Leonard, who posted the fastest official 40-yard-dash time (4.50) at his position in Indianapolis, understands that being a well-balanced player is far more important.
“Working on the little things will make me great,” Leonard told FOXSports.com. “I’ve been trying to perfect my moves in my route running. In college I knew I could set people up, but now I know I’m going to a place where people study film non-stop. It’s all about setting players up and then making a move.”
While teams have shown moderate interest, Leonard isn’t so concerned about where he’ll play as much as how he’ll impact the team when he finds his destination. In fact, he already has a distinct vision, which includes donning a golden jacket in Canton, Ohio.
“I always feel like I’m the underdog,” Leonard said. “People are sleeping on me. I know I still have a lot to prove and I haven’t done anything yet. I won’t be satisfied until I’m a Hall of Famer.”

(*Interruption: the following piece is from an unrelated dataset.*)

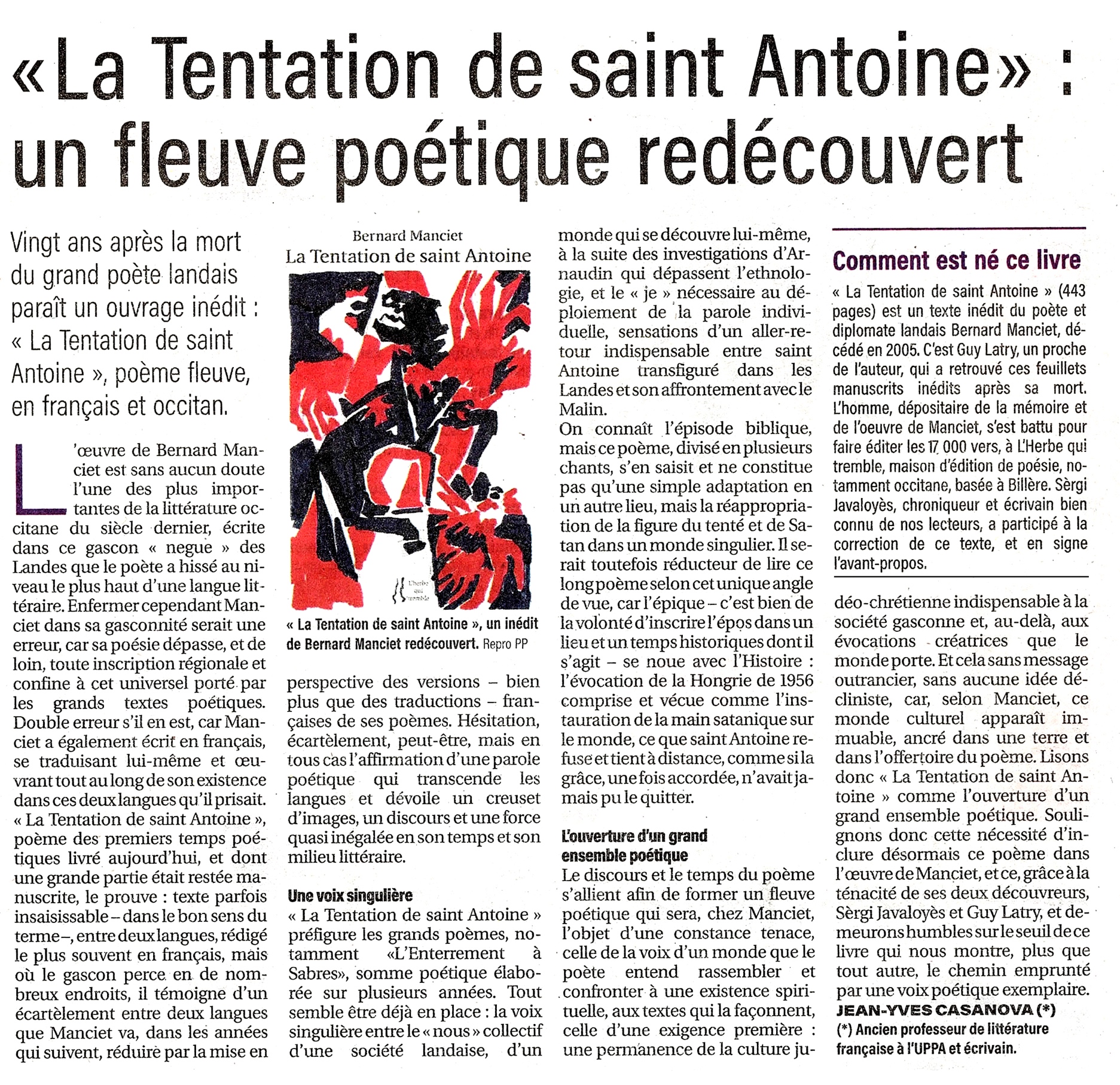 A lire l’excellent article de jean-Yves Casanova, spécialiste de la littérature occitane et écrivain, paru il y a peu dans le quotidien La République des Pyrénées

At 6-foot-2, 250 pounds, Leonard is a naturally gifted athlete. His potential was noticed early on in his high school career and he was recruited heavily, rating as one of the top tight ends in the nation, according to Scout.com. After playing a season at the University of Florida, Leonard met with head coach Will Muschamp and decided it’d be best to transfer following an off-the-field incident.

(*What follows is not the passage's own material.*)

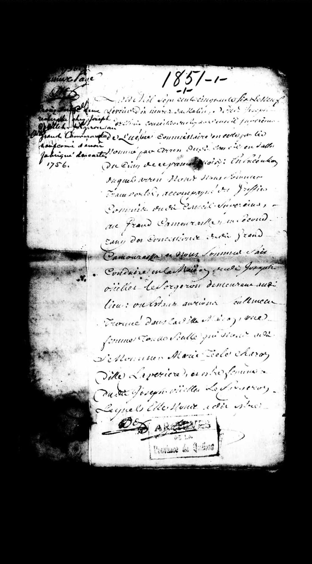 - Procès criminel par contumace contre Joseph Ouellet, forgeron de Kamouraska, comme complice du nommé René Lusignan, condamné à mort le 7 janvier 1756 pour distribution de fausses cartes

“A.C. is a sensitive kid and he doesn’t trust a lot of people,” Tennessee State head coach Rod Reed said. “I think he lost that trust and didn’t think that they believed in him down there anymore. He wanted to find something new. I sat down and talked with him about the way we do things here.
“He was a great citizen while he was here and did everything that we asked him to do.”
Sometimes Leonard ponders what life would’ve been like if he had stayed in Gainesville. The plan, according to Leonard, was to unveil a two tight end attack, similar to the Patriots of a few seasons ago. While Leonard was a highly coveted athlete, Florida also had an imposing weapon in Jordan Reed, who had a breakout rookie campaign for the Redskins in 2013.
“I was talking to Jordan a few days ago about that,” Leonard said. “It would’ve been crazy. I think we would’ve been better than [Aaron] Hernandez and [Rob] Gronkowski. We put in so much work that it was going to be a great year. We were talking about it the other day how if I end up with the Redskins, we’d have a chance to make that combination work.”
A hip flexor injury hampered Leonard from the beginning of last training camp, but he was able to battle through the pain. During his two seasons in Nashville, Leonard had 85 receptions for 1,174 yards and 11 touchdowns. His growth as a player on the field is credited to tight ends coach Bill Khayat.
“Billy helped with his knowledge of the game, understanding angles and how to run routes effectively,” Reed said. “Had A.C. not been hurt all year, I think he would’ve really flourished.”
Leonard, 22, prides himself on his work ethic. He finds ways each day to get better whether it be on the field, in the weight room or doing yoga.
“That’s one thing you’ll not have a problem with him is putting in work,” Reed said. “He’d be in our indoor at 4 in the morning before everybody got there. He wants to work. He wants to be pushed.”
The internal anxiety to be special is the fuel that separates the good from the great.
“I’m very competitive,” Leonard said. “I don’t care who it is. If I’m running sprints I’m going with the running backs and wide receivers. If I’m lifting, it’s with the big linemen. I just want to be great. I want it so bad. I do something every day to be great so I can be a Hall of Famer one day.”